I’ve just been listening to the B(ritish)BC’s Talkback, where three journalists were discussing with the presenter a. hugely intriguing matter, in the light of the Donaldson story: what were journalists allowed to write or say about Donaldson’s drinking habits back in the day, his sexual partners and loads more? The conclusion was that they could say just about anything now, since Jeffrey has no character left to be maligned, but back then it was different.
I find these ethical and legal matters absorbing, but always end up just a little frustrated. For example, have you heard any discussion on air about the selection of what is news? Obviously not everything that happens can be reported, so how do they choose what’s selected and not selected?
Which takes us to the famous balance. Was balance observed throughout the reporting of the Troubles, or was reporting based on a range of Establishment givens? Were certain expressions like ‘the province’ (geographically inaccurate) frequently employed, whereas any B(ritish)BC journalist who used on air the term ‘the six counties’ (geographically accurate) would have had to have his/her mouth washed out with detergent?
Or what about if a politician addresses someone using code? Like, say, allowing one guest in a discussion to call another ‘a rebel’, which most people would recognise as code for ‘an IRA volunteer’? Are guests protected from that, or is it just allowed to slide?
And finally there’s the uncomfortable truth and what to do with it. Supposing someone writes an account of an incident, all of it factually correct, but containing an uncomfortable truth. What happens then? Would it be conceivable that the B(ritish)BC management would meet with those who didn’t like the unpopular truth/fact and succumb to their pressure never to allow the writer of such inconvenient facts back on air again?
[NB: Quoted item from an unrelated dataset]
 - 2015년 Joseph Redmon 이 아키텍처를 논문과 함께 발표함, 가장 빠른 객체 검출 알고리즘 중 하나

These are purely hypothetical situations, of course, so maybe that’s why the B(ritish)BC doesn’t discuss such matters.


Ah yes, in Northern Ireland language is everything. But the way the word “volunteer” is used in Northern Ireland is totally repugnant. Using the word “volunteer” makes it sound like those young men were giving up their free time in the evenings, out of the goodness of their hearts, to go out and commit a few murders on behalf of the community.
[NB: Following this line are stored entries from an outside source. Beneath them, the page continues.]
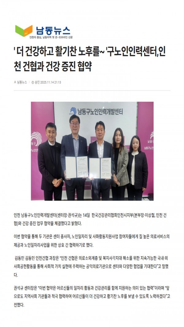 한국건강관리협회인천시지부와 건강증진 업무 협약 체결 페이지 정보 작성자 김선영 작성일25-11-17 10:59 조회17회 댓글0건 관련링크 다음글 목록 본문 . 댓글목록 등록된 댓글이 없습니다. 다음글 목록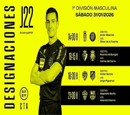 西班牙足协官方公布了周六4场西甲比赛的裁判安排,亚历杭德罗-穆尼斯将执法巴萨客战埃尔切。
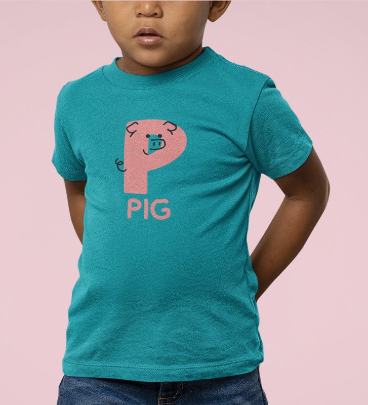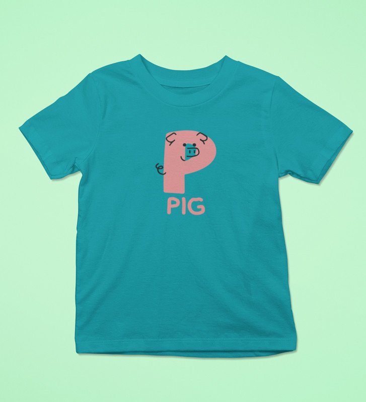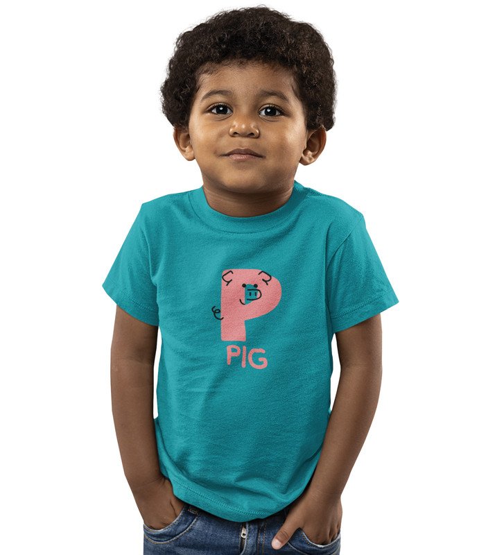 Pepper Pig, Boys Cotton Text Print Tshirt (Teal)

People who work for the Red Cross and St John’s Ambulance are volunteers. But the so called “volunteers” in Northern Ireland were criminals and murders, who were so cowardly that they hid their faces behind masks. Utterly repugnant and abhorrent.
Let us reserve the word “volunteer” for those truly deserving of that word.
Volunteers can also show great courage, taking on a more powerful yet morally inferior foe. Some terrorists can be lauded as great generals, handed various honours, state pensions, given seats in the House of Lords. That does not confer legitimacy on them. It is all political. Every party involved in the conflict supported political violence of one kind of another. There were not many pacifists here.